‘Tact and nothing else’

At the RCP, there is one portrait that calls out for attention as you climb Denys Lasdun’s central staircase. Its frame alone is so substantial it almost dwarfs the paintings either side. And the sitter? Sir Henry Halford (b.1766), longest serving president of the RCP. He took office in 1820 and remained until his death in 1844.

Appropriately, the large painting – by the celebrated Thomas Lawrence – and indulgent frame seem to mirror the personality of the man. Halford was undoubtedly important, serving a succession of British monarchs from George III to Queen Victoria. His rise had been swift – he became a fellow of the RCP aged 27 and built a hugely successful private practice through his skill in treating disease and knowledge of pharmacology.

However, Halford was notoriously reluctant to embrace medical developments. The Lancet claimed his success was built on ‘tact and nothing else’, and he was opposed to the idea of physicians laying hands on patients. Halford was similarly resistant to using a stethoscope, the hugely valuable diagnostic tool invented in 1816. This brought him into conflict with contemporaries, and they gave him some choice epithets including 'The eel-backed baronet' and 'The damndest conceited fellow in the world'; the first uttered by James Wardrop (1782–1869), surgeon to King George IV, and the second by Charles Grey, second Earl Grey (1764–1845), the prime minister.

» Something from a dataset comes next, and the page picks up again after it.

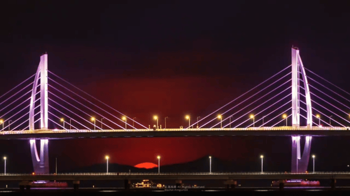 港珠澳大桥宛如一条发着光的海上巨龙,蜿蜒游向大海深处。游轮从大桥底下经过时,瞬间便能感受到它的宏伟和壮观。
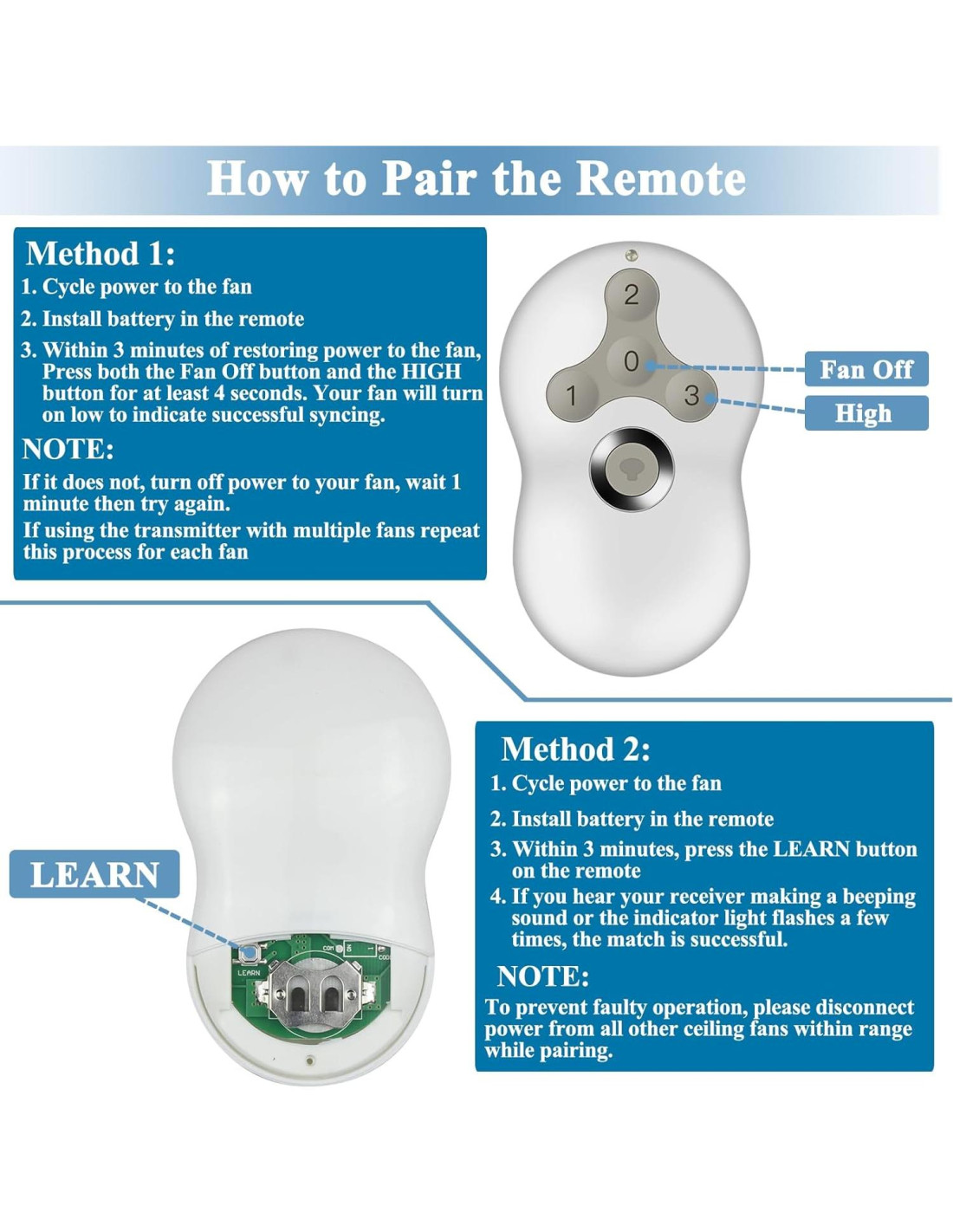 - Opciones de Emparejamiento Dual --- El emparejamiento es simple con dos métodos fáciles de usar: Presiona el botón APRENDER ubicado dentro del compartimento de la batería. Presiona simultáneamente los botones 0 + 3 en el teclado. Sin configuración compleja, tu ventilador se sincroniza rápidamente para un control instantáneo.

The eel-backed baronet and the damndest conceited fellow in the world


Perhaps a macabre story from 1813 best illustrates Halford’s character. An unexplained extra coffin was found during work on a mausoleum at Windsor when the vault of Henry VIII was damaged. Papers suggested that this would prove to be housing the previously missing remains of the executed Charles I. A medical

Halford ChI exhumed
Drawing of the exhumed skull of Charles I in Essays and orations read and delivered at the Royal College of Physicians; to which is added an account of the opening of the tomb of King Charles I Henry Halford, published London, 1831.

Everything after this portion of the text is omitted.